Data section:
------

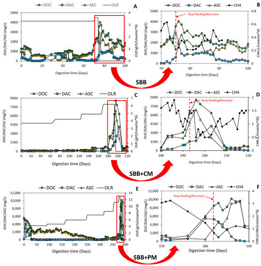 Evolution of the dissolved organic carbon (DOC) and indirect parameters in the three SSTR. The detailed figures of failure operation periods for each digester are illustrated on the right. (A,B) SBB digester; (C,D) SBB+CM digester; (E,F) SBB+PM digester.
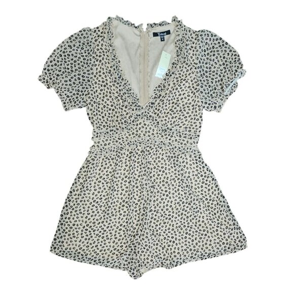 NEW NWT TRIXXI Francescas Tan Black Animal Print Romper Womens Size M Medium
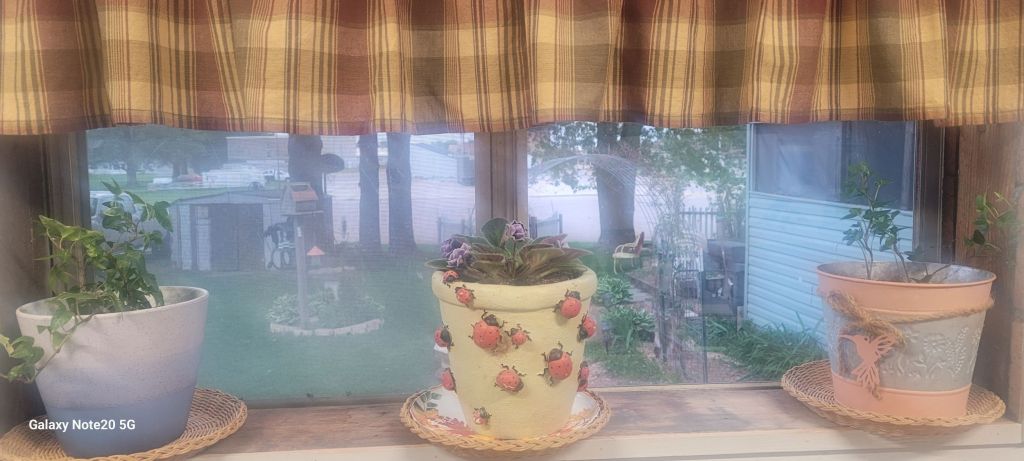 The w/c van was picked up on Saturday by the person considering taking over the NE Route. (I pray they do). Sunday, my SUV’s engine light came on while it shuddered, shook, and coughed.(It is now sitting at the mechanic’s). My wonderful neighbor to the east has loaned me her second car for today so that I can complete my obligations, while the man takes over the NW Route for today. I pray the repair bill is not horrid. We just finished putting new tires and all that entails on it last week. Beans are poking thru in the garden. Bridal Wreath shrubs are ready to blossom. Rose of Sharon and lilacs already fill the yard with color and a heavenly scent. Truly grateful we did not take the winterizing panels off either of the porches. This week is going to be chilly. The plants here in the office are doing well. I am truly blest.
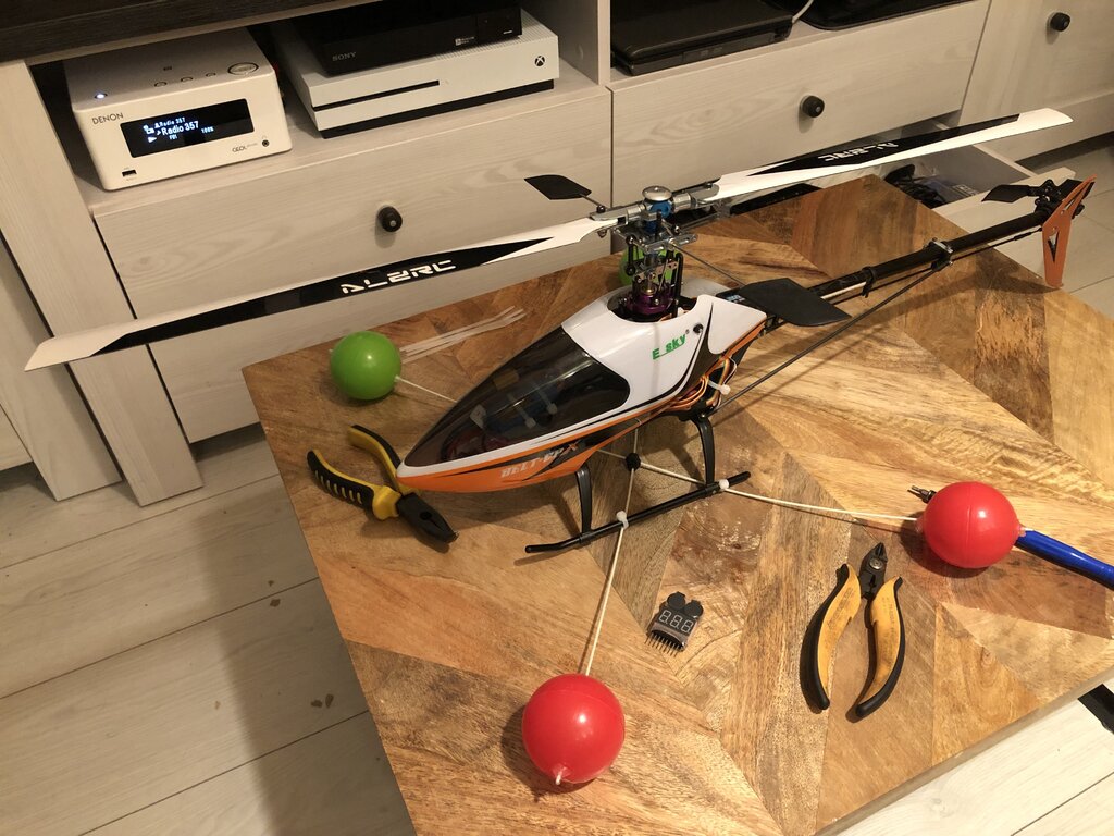 Czas się przypomnieć, bo co nieco się u mnie zmieniło, chociaż to bardziej ewolucja, niż rewolucja. Ale nie... bo jednak zmiana aparatury to jednak rewolucja. Udało mi się okazyjnie zaopatrzyć w Graupnera MX16 Hott i, choć celowałem w Aurorę 9x, to jednak jestem bardzo zadowolony. Jednocześnie, ponieważ - jak już kiedyś wspomniałem - uszkodziłem głowicę KDSa, to nadarzyła się doskonała okazja do wypróbowania aluminiowej głowicy beltowej. Głowica już stoi na nowym wale - pozostaje regulacja. No i teraz okazuje się, że zrobiłem sobie małe kuku, bo muszę ogarnąć dwa tematy, ściśle zależne od siebie: regulację głowicy i konfigurację nadajnika. Z aparaturą udało mi się dojść do takiego etapu, że serwa reagują na ruch gimbali we właściwym kierunku. Nie było to wcale oczywiste dla początkującego, bo jednak głowica w Belcie jest obrócona o 180 stopni w stosunku do większości konstrukcji. Żeby uzyskać oczekiwany rezultat musiałem potraktować rewersem dwa serwa i odwrócić pitch w swashplate mixer na ujemny. Nie wiem czy to poprawna konfiguracja, ale efekt jest ok. Następnym krokiem będzie rozgryzienie konfiguracji trybu idle/normal, bo to mi jest potrzebne do wyregulowania głowicy. Zapowiada się długa zabawa.

------

Prompt:
Set down exactly the lines above, from the line containing "NEW NWT TRIXXI" through the line containing "The w/c van". Skip the pictures.

Completed exercise:
 NEW NWT TRIXXI Francescas Tan Black Animal Print Romper Womens Size M Medium
 The w/c van was picked up on Saturday by the person considering taking over the NE Route. (I pray they do). Sunday, my SUV’s engine light came on while it shuddered, shook, and coughed.(It is now sitting at the mechanic’s). My wonderful neighbor to the east has loaned me her second car for today so that I can complete my obligations, while the man takes over the NW Route for today. I pray the repair bill is not horrid. We just finished putting new tires and all that entails on it last week. Beans are poking thru in the garden. Bridal Wreath shrubs are ready to blossom. Rose of Sharon and lilacs already fill the yard with color and a heavenly scent. Truly grateful we did not take the winterizing panels off either of the porches. This week is going to be chilly. The plants here in the office are doing well. I am truly blest.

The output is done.